■ Task description: The records below are to be set down word for word, with every picture left out.
***** Supplied material
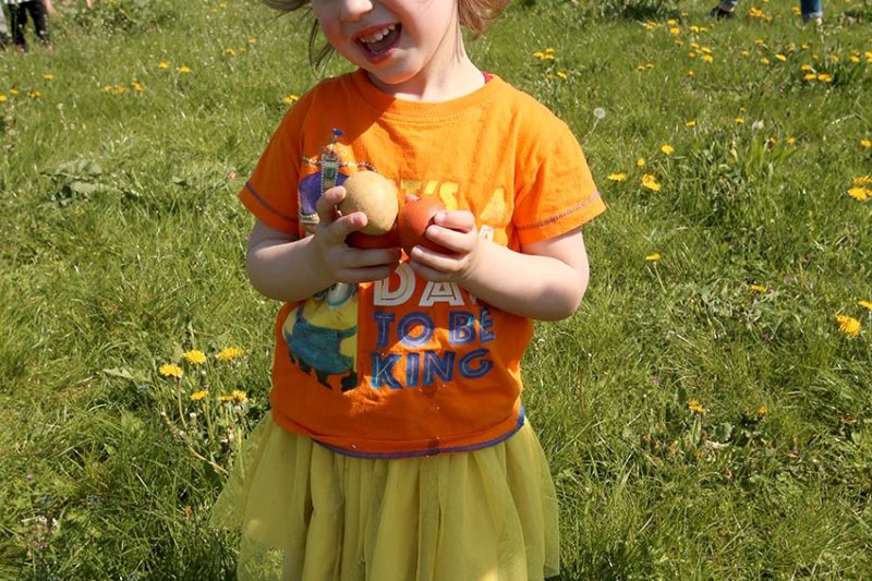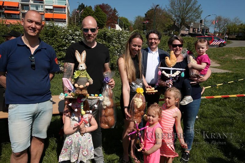 De leukste Palmpaastakken ontvingen uit handen van loco-burgemeester Peter de Rooij een leuk presentje. Na de uitreiking mochten de kinderen het veld in op zoek naar de fel begeerde stenen eieren. Deze eieren konden geruild worden tegen echte eieren. In totaal werden er zo’n 2100 eieren uitgedeeld.
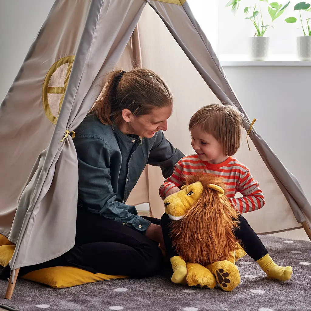 DJUNGELSKOG Soft toy - lion. The lion is called the king of animals and is a powerful cat with a big mane and golden fur. It prefers to live with others and would really like to be a part of your family. Recommended for children 18 months and older.
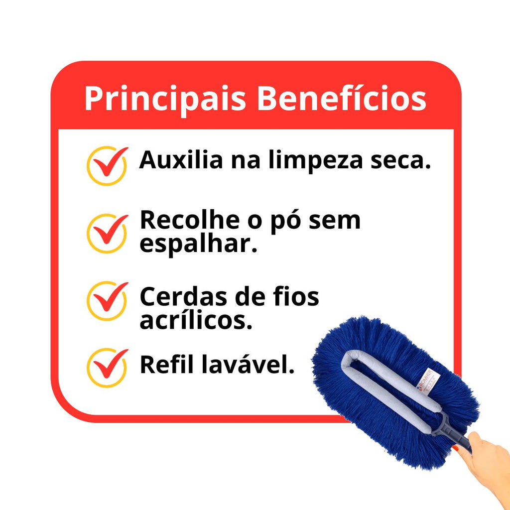 Através da estática, criada pelo atrito de suas cerdas este espanador retira o pó sem espalhá-lo pelo ambiente prevenindo doenças e prejuízos a instalações e equipamentos.
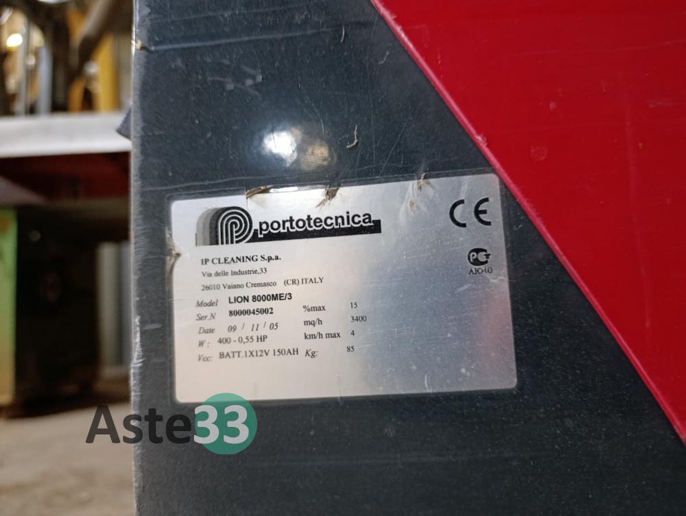 Spazzatrice PORTOTECNICA (IP CLEANING S.P.A.) modello LION 8000 ME/3, anno 2005, n. seriale 8000045002, peso 85kg.
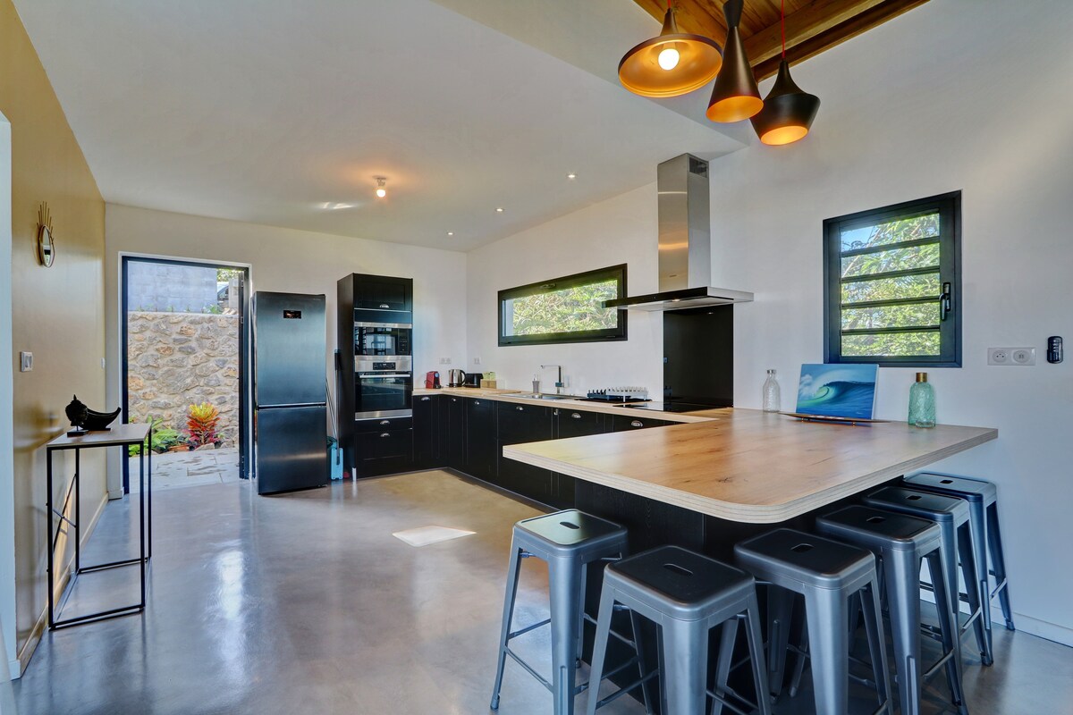Great for a couple alone or with friends (up to 4 people). Villa located 4 minutes from the beach; comprising a 1-bedroom and a 2-bedroom in a quiet and exotic environment with a magnificent sea view. The configuration offers both total independence of the two accommodations or, on the contrary, an opening from one to the other to meet around the pool and lounge. Each accommodation has a double bed, kitchen, toilet, shower.
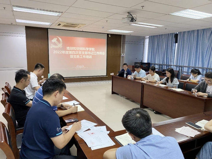 9月14日下午,地球和空间科学学院2022年度第四次党支部书记工作例会曁党务工作培训在教学行政楼706会议室召开,党委书记刘斌主持会议,党委副书记熊成、各党支部书记(支委)、党务秘书孟令宇参加会议。
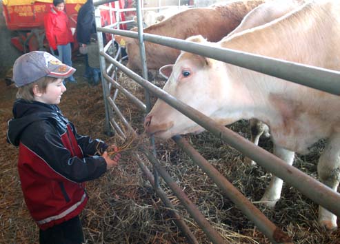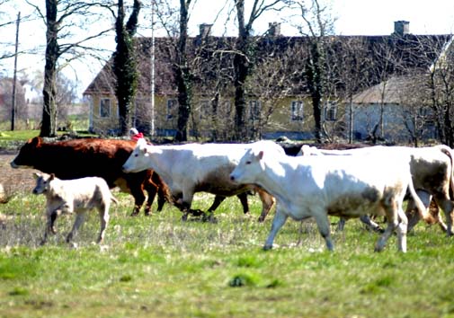 Först kom mammorna. Sedan blev det en paus. Men så stack det ut ett litet huvud som försiktigt kikade åt alla håll. Och så tog han, (kan han ha hetat Ferdinand?), mod till sig och klev ut. Och då vågade även kamraterna komma med. Det hoppades och sprättes i jorden och stångades lekfull. Förtjusta barnskratt och förundrade kalvbröl blandades med kossornas rop in till vännerna där inne att de också borde komma ut. Att kor kan vara så viga visste nog inte många av oss som tagit oss till Larsbo denna dag.
**********
■ Written response:
 De leukste Palmpaastakken ontvingen uit handen van loco-burgemeester Peter de Rooij een leuk presentje. Na de uitreiking mochten de kinderen het veld in op zoek naar de fel begeerde stenen eieren. Deze eieren konden geruild worden tegen echte eieren. In totaal werden er zo’n 2100 eieren uitgedeeld.
 DJUNGELSKOG Soft toy - lion. The lion is called the king of animals and is a powerful cat with a big mane and golden fur. It prefers to live with others and would really like to be a part of your family. Recommended for children 18 months and older.
 Através da estática, criada pelo atrito de suas cerdas este espanador retira o pó sem espalhá-lo pelo ambiente prevenindo doenças e prejuízos a instalações e equipamentos.
 Spazzatrice PORTOTECNICA (IP CLEANING S.P.A.) modello LION 8000 ME/3, anno 2005, n. seriale 8000045002, peso 85kg.
Great for a couple alone or with friends (up to 4 people). Villa located 4 minutes from the beach; comprising a 1-bedroom and a 2-bedroom in a quiet and exotic environment with a magnificent sea view. The configuration offers both total independence of the two accommodations or, on the contrary, an opening from one to the other to meet around the pool and lounge. Each accommodation has a double bed, kitchen, toilet, shower.
 9月14日下午,地球和空间科学学院2022年度第四次党支部书记工作例会曁党务工作培训在教学行政楼706会议室召开,党委书记刘斌主持会议,党委副书记熊成、各党支部书记(支委)、党务秘书孟令宇参加会议。
 Först kom mammorna. Sedan blev det en paus. Men så stack det ut ett litet huvud som försiktigt kikade åt alla håll. Och så tog han, (kan han ha hetat Ferdinand?), mod till sig och klev ut. Och då vågade även kamraterna komma med. Det hoppades och sprättes i jorden och stångades lekfull. Förtjusta barnskratt och förundrade kalvbröl blandades med kossornas rop in till vännerna där inne att de också borde komma ut. Att kor kan vara så viga visste nog inte många av oss som tagit oss till Larsbo denna dag.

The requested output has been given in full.